Recently, a prominent Silicon Valley drama took place -- the OpenAI CEO, Sam Altman, was fired by his board and rehired after pressure from Microsoft and OpenAI employees. Employees allegedly threatened to leave the company if Altman was not reinstated. Microsoft assisted with handling the crisis and returning Altman to his CEO role. I won't go into the details of the drama but I will provide you with a summary card below that covers my analysis of this saga.
As this unfolded on Twitter, gossip emerged that a specific OpenAI development had concerned the board. They allegedly believed Altman needed to be more truthful about the state of progress toward AGI (artificial general intelligence) within the company. This led to speculation and conspiracy theories on Twitter, as often happens with high-profile industry drama.
One theory pointed to OpenAI's advancements with an algorithm called Q*. Some suggested Q* allowed internal LLMs (large language models) to perform basic math, seemingly bringing OpenAI closer to more advanced AI. In this post, I'll explain what Q* is and why its advancements could theoretically bring AI systems closer to goals like AGI.
What is Q*?
In simple terms, Q* is like a GPS that learns over time. Usually, when there's traffic or an accident, your GPS doesn't know and tries to lead you to the usual route, which gets stuck. So, you wait for it to recalculate a new path fully. What if your GPS started remembering problems and closures so that next time, it already knows alternate routes? That's what Q* does.
Whenever Q* searches for solutions, like alternate directions, it remembers what it tried before. This guides future searches. So if something changes along a route, Q* doesn't restart like a GPS recalculating. It knows most of the road and can focus only on adjusting the tricky, different parts.
This reuse makes Q* get answers faster than restarting every time. It "learns" from experience, like you learning backroad ways around town. The more Q* is used, the better it adapts to typical area changes.
Here is a more technical explanation:
Q* is an influential algorithm in AI for search and pathfinding. Q* extends the A* search algorithm. It improves A* by reusing previous search efforts even as the environment changes. This makes it efficient for searches in dynamic environments. Like A*, Q* uses a heuristic function to guide its search toward the goal. It balances exploiting promising areas (the heuristic) with exploring new areas (like breadth-first search). Q* leverages experience from previous searches to create a reusable graph/tree of surveyed states.
This significantly speeds up future searches rather than starting fresh each time. As the environment changes, Q* updates its reusable structure to reflect changes rather than discarding it.
This allows reusing valid parts and only researching affected areas. Q* is famously used for robot path planning, manufacturing, and video games where environments frequently change. It allows agents to replan paths as needed efficiently.
In summary, Q* efficiently finds solutions in systems where the state space and operators change over time by reusing experience. It can discover solutions much faster than restarting the search from scratch.

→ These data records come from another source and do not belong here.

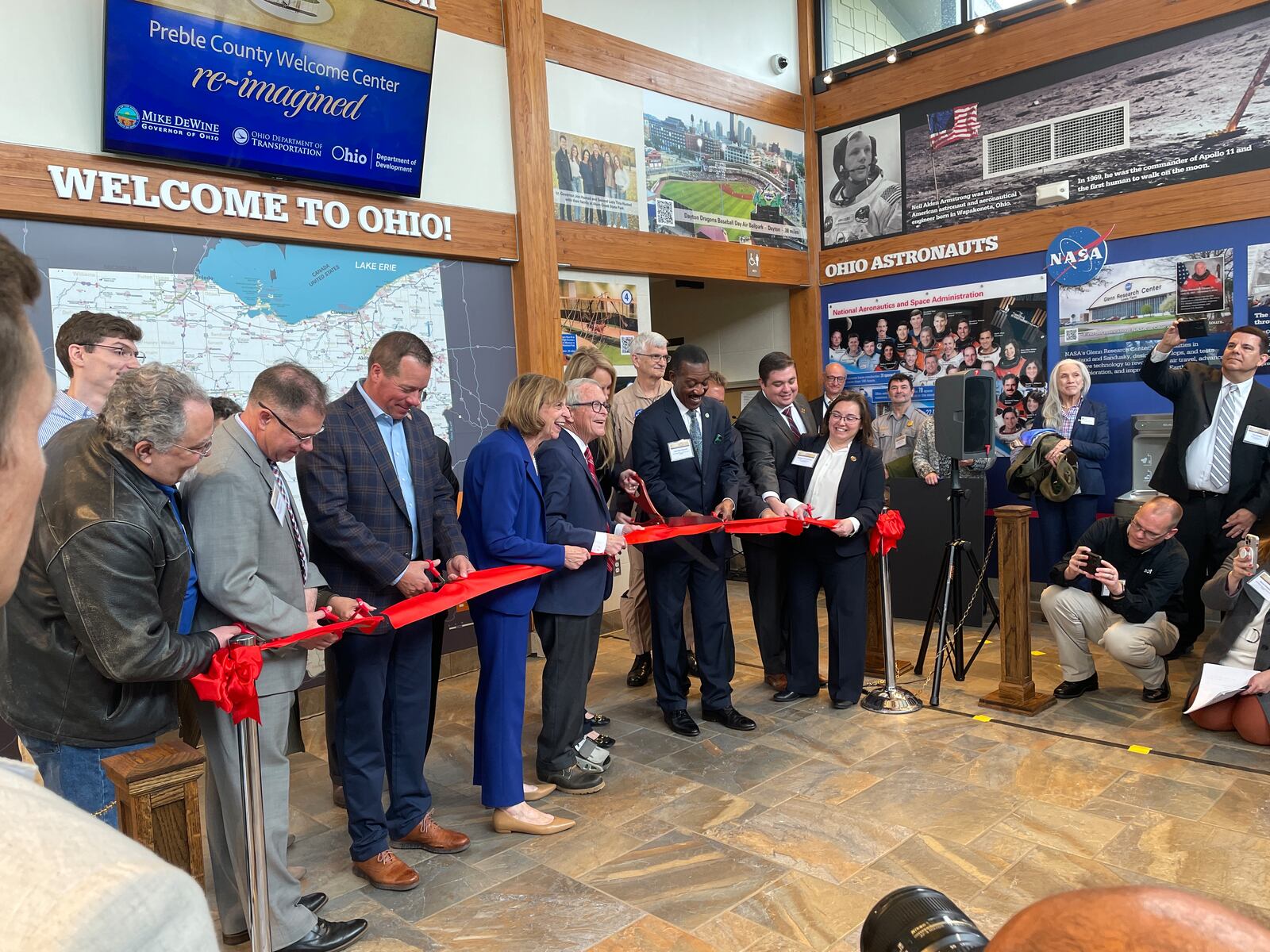 Ohio Governor Mike DeWine, First Lady Fran DeWine, Ohio Department of Transportation director Jack Marchbanks, and Ohio Department of Development director Lydia Mihalik unveiled the re-imagined Welcome Center on I-70 eastbound in Preble County and announced the plan to replace 33 rest area buildings over the next four years. SAMANTHA WILDOW\STAFF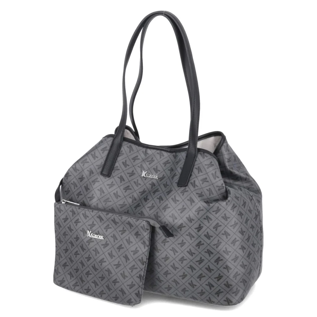 Zeitgemäß und funktional zeigt sich der bedruckte Damenshopper in Grau als zuverlässiger Begleiter. Mit ca. 30 x 40 x 20 cm und einem Volumen von etwa 20 Litern bietet er ausreichend Platz für Organizer, Tablet und Kosmetik-Etui. Der verstärkte Boden sorgt für einen souveränen Stand, zwei feste Henkel von ca. 50 cm Länge erlauben verschiedene Trageoptionen. Das Hauptfach schließt per Magnetverschluss, das Innenleben punktet mit zwei Steckfächern, zwei Stiftplätzen und einem Reißverschlussfach. Eine Einsatztasche am kurzen Riemen hält Kleinigkeiten separat. Das Markenmuster setzt einen stilvollen Akzent, ohne aufdringlich zu wirken, und unterstreicht die klare Form. Modetipp: Mit dunkelblauer Jeans, weißer Bluse und Trenchcoat entsteht ein smarter City-Look, der die Graunuance edel aufgreift.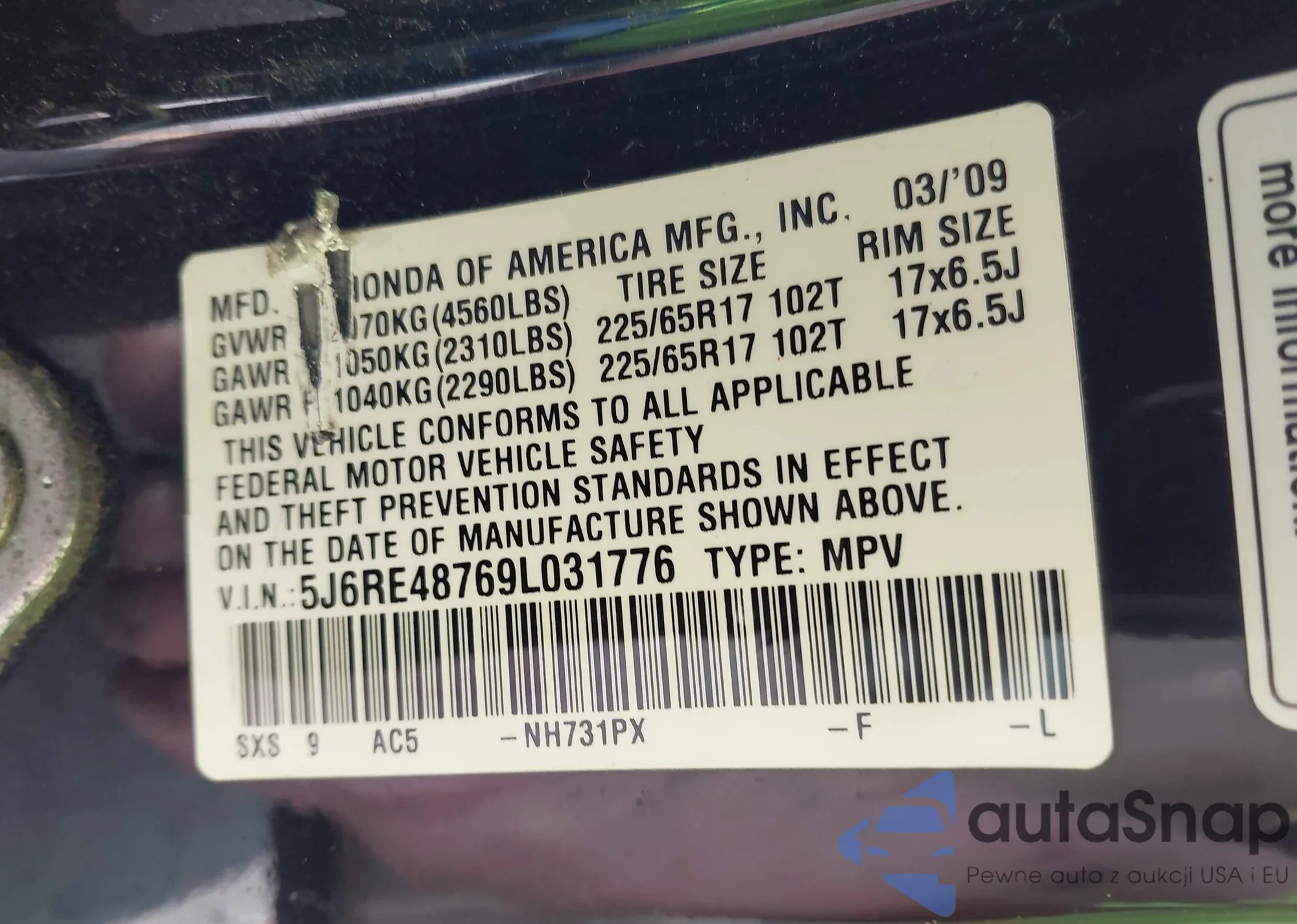 VIN: 5J6RE48769L031776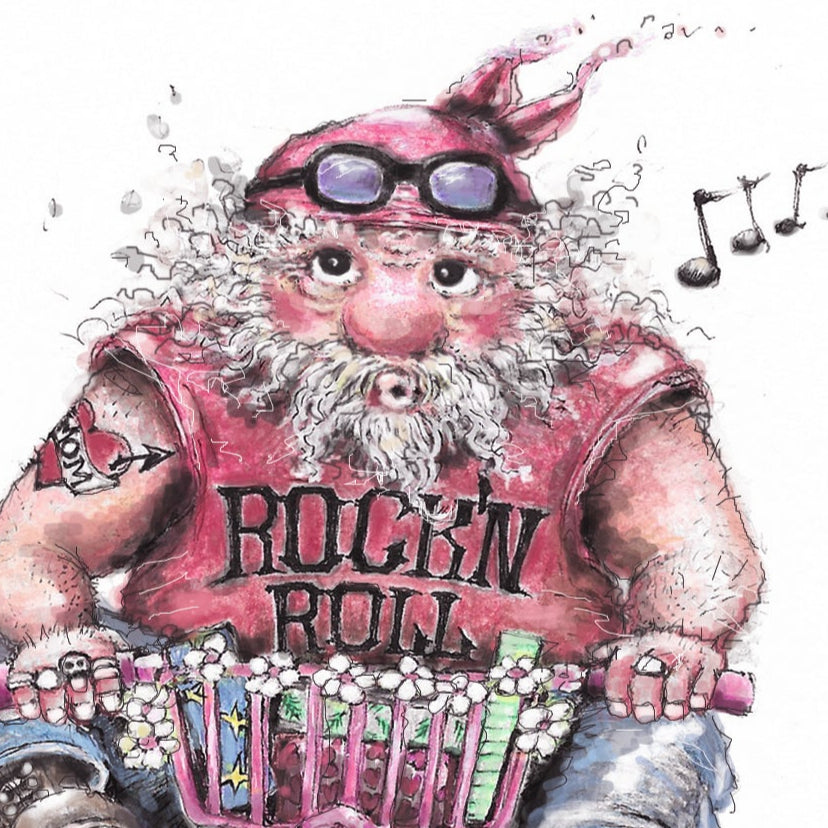Diese Postkarte zeigt einen bärtigen Biker, der mit Sonnenbrille, Tattoos, Rock’n’Roll-Shirt und ordentlich Fahrtwind auf einem viel zu kleinen Fahrrad unterwegs ist. Ein Motiv voller Humor, Charakter und Lebensfreude – ideal für alle, die das Leben nicht ganz so ernst nehmen.

So, in the context of the rumors about OpenAI, some hypothesize that advances leveraging Q* search techniques could allow AI and machine learning models to more rapidly explore complex spaces like mathematics. Rather than re-exploring basic rules from scratch, models might leverage prior search "experience" and heuristics to guide discovery. This could unlock new abilities and general skills.
However, whether OpenAI has made such advances leveraging Q* or algorithms like it is speculative. The details are vague, and rumors should be critically examined before conclusions are drawn. But Q* illustrates interesting AI capabilities applicable in various domains. And it hints at future systems that may learn and adapt more and more like humans.